#### Task goal:
Transcribe the listing exactly as written. Leave the images out.

#### Dataset excerpt:
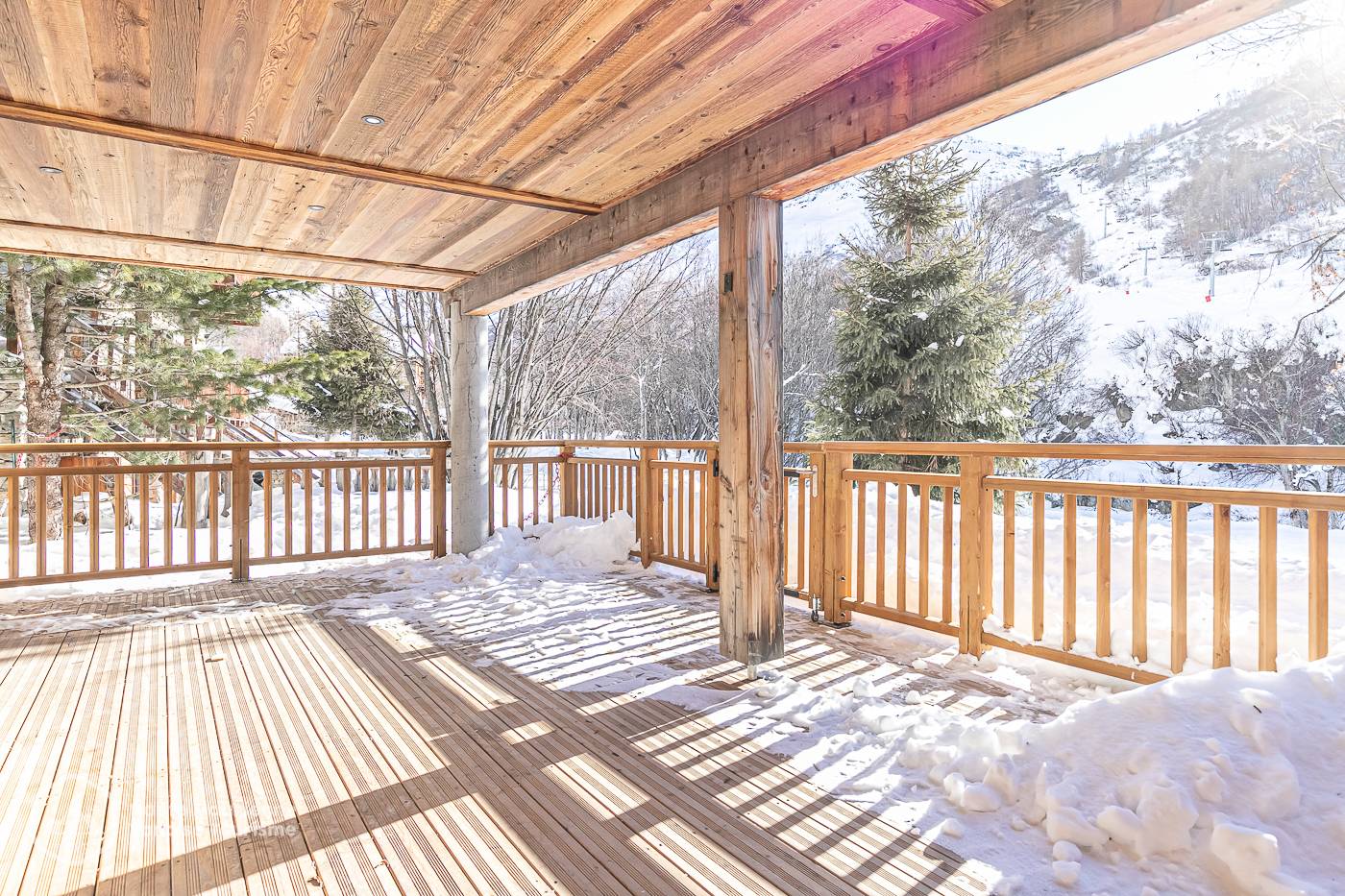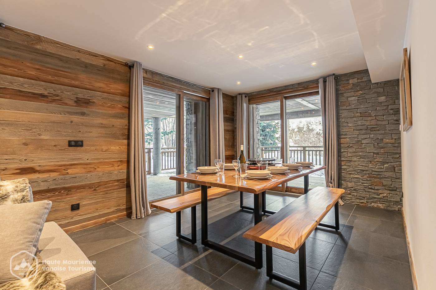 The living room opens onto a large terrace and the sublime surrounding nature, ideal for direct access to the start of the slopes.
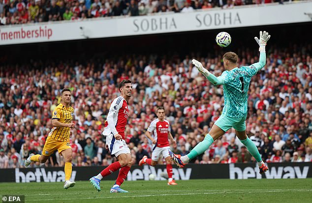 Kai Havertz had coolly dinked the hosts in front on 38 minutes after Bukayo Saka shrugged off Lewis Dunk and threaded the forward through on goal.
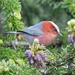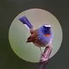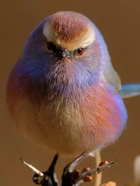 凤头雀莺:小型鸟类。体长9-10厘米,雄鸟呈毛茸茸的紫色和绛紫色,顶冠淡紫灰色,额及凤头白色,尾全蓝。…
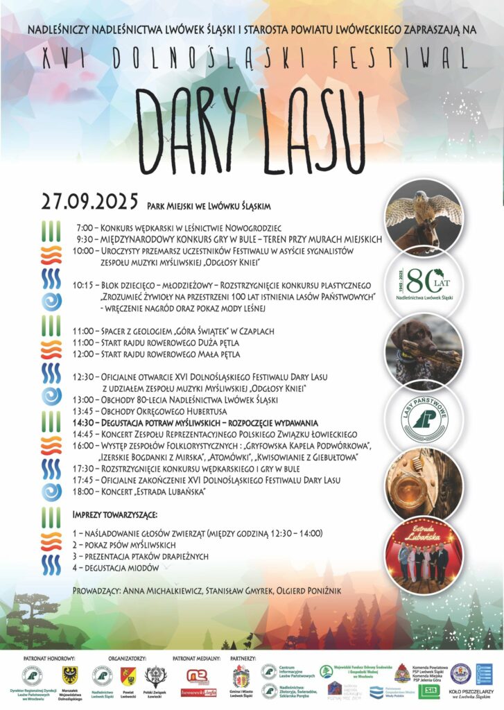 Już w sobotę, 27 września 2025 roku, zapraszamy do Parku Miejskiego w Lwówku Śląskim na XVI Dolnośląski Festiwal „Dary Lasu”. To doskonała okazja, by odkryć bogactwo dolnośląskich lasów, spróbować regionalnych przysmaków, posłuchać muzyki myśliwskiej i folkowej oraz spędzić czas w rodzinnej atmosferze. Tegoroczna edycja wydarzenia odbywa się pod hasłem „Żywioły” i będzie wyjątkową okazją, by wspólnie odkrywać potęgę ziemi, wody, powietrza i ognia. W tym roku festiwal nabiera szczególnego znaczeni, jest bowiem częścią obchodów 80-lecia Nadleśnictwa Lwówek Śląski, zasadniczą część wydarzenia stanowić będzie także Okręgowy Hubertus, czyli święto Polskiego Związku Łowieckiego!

#### Exercise response:
 The living room opens onto a large terrace and the sublime surrounding nature, ideal for direct access to the start of the slopes.
 Kai Havertz had coolly dinked the hosts in front on 38 minutes after Bukayo Saka shrugged off Lewis Dunk and threaded the forward through on goal.
 凤头雀莺:小型鸟类。体长9-10厘米,雄鸟呈毛茸茸的紫色和绛紫色,顶冠淡紫灰色,额及凤头白色,尾全蓝。…
 Już w sobotę, 27 września 2025 roku, zapraszamy do Parku Miejskiego w Lwówku Śląskim na XVI Dolnośląski Festiwal „Dary Lasu”. To doskonała okazja, by odkryć bogactwo dolnośląskich lasów, spróbować regionalnych przysmaków, posłuchać muzyki myśliwskiej i folkowej oraz spędzić czas w rodzinnej atmosferze. Tegoroczna edycja wydarzenia odbywa się pod hasłem „Żywioły” i będzie wyjątkową okazją, by wspólnie odkrywać potęgę ziemi, wody, powietrza i ognia. W tym roku festiwal nabiera szczególnego znaczeni, jest bowiem częścią obchodów 80-lecia Nadleśnictwa Lwówek Śląski, zasadniczą część wydarzenia stanowić będzie także Okręgowy Hubertus, czyli święto Polskiego Związku Łowieckiego!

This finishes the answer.